Blood pressure is affected by alcohol in short spikes and over a long period of time. If you drink 3 or more alcohol-laden drinks in one sitting, you’ll see a short spike. But long-term binge drinkers see a steady increase in their hypertension, too.
People suffering from high blood pressure ideally will eliminate alcohol completely. But if you can’t come to terms with that, then at the very least drink it in moderation where you have one 12 ounce beer, one 5 ounce glass of wine, or a 1.5 ounce mixed drink (80-proof).
It’s not good to drink high caloric alcohol drinks if weight is an issue for you. It contributes to putting on pounds and then affects your blood pressure, too. And if your doctor has put you on medication for your blood pressure already, then it could hamper its ability to treat your numbers!
What kind of change can you expect when you reduce or eliminate your alcohol intake? A couple of digits will be lowered (1-4), but much of that depends on what level of consumption you had as well as your age and other factors.
Use a Healthy Amount of Salt and Drink More Water
There are two numbers you need to know when it comes to salt intake – 2,300 and 1,500 mg/day.

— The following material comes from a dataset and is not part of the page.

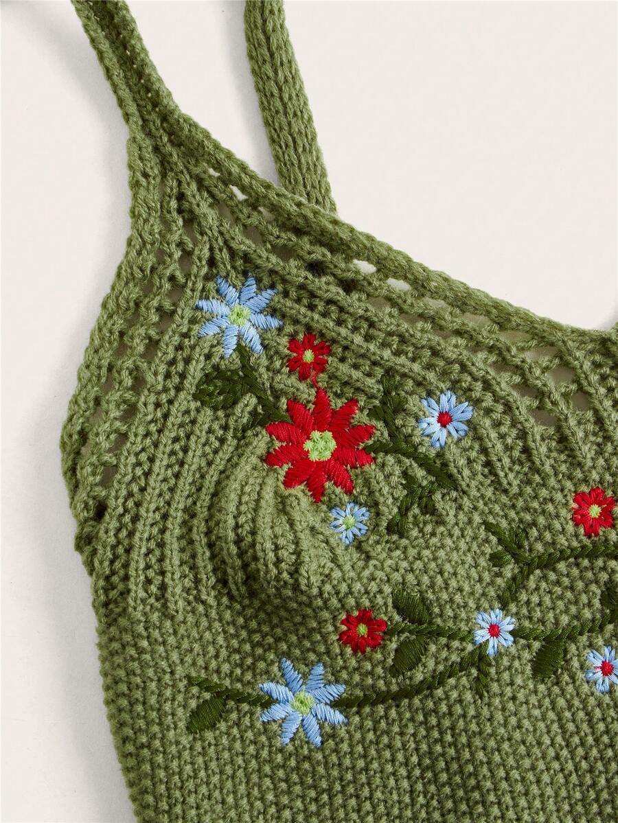 Fairycore Top tejido de tirantes con bordado floral de hombros con cordón

The first number is the highest recommended salt intake given by the National High Blood Pressure Education Program. The other number is what you should strive to achieve.
What do you think your intake currently is? If you’re like most Americans, it’s probably anywhere between 3,300 and 4,200 mg per day – but it could even be higher than that because sodium is in most products we consume, and it’s hard to weed it out of your diet.
Your kidneys process the salt that you take in. And if you take in more than the kidneys can process, it causes fluid pressure to build up against your artery walls, spiking blood pressure.
If this happens often enough over time, your blood vessel walls get thicker to handle the pressure being exerted against it, but that narrows your arteries, which eventually hurts your heart because it has to work even harder to try to push the blood flow through your body.
It’s tough to start out reducing your salt intake. Foods will initially taste as if they’re not salted enough. But time heals in the case of salt cravings – and eventually you’ll regain the taste of the original food flavors, where the addition of salt seems excessive to you, even in small amounts.
Your body needs some salt, so don’t go to extremes and eliminate it completely. Reduction and moderation are key to improved blood pressure readings when it comes to sodium.
Start reading labels to see what volume of sodium is included. Items like processed deli meats are packed with salt. But you’ll also find it in places you’d never expect to see salt – like an over the counter antacid!
If you think you might be somewhat of a salt addict, then start out by lowering your intake to the maximum level allowed and then work your way down to a more moderate intake over time.
As you read previously, your kidneys are what help you manage the salt your body takes in through the foods that you eat. In order to function properly, your kidneys need a lot of water throughout the day to operate healthy.
Take a break from sodas and other drinks and start consuming more water throughout your day. Drink a glass before meals to help you feel fuller, and sip on it whenever you feel thirsty.
Add Plenty of Potassium, Magnesium, and Calcium
You want to take a multi-pronged approach to ensure you get enough potassium, magnesium and calcium in your diet. Let’s cover each one individually so that you can see how it affects blood pressure and how you can add it into your diet.
It’s advised that you take in 4,700 milligrams of potassium each day. Potassium is what counters the effects of salt in your body. How can you get more of this into your food plan? Choose among these foods that are rich in potassium:
- Mushrooms
- Bananas
- Potatoes (sweet and other types)
- Greens (spinach, mustard, collard, or turnip for example)
- Yogurt (go with a low fat or fat free option)
- Fish (tuna or halibut are good options)
- Melons (honeydew or cantaloupe)
- Broccoli
- Carrots
- Fruit (apricots, oranges, prunes and grapefruits or their juice counterparts)
- Raisins or dates
- Kale
- Squash
- Tomatoes (low sodium if you’re adding it via sauce or juice options)
- Beans (limaor green)
- Molasses
- Milk (only skim or low fat)
- Peas
Can you overdo it on potassium? Only if you’re elderly or have kidney issues. Steer clear of potassium supplements unless your doctor prescribes them. They can be harmful to people suffering from specific medical conditions.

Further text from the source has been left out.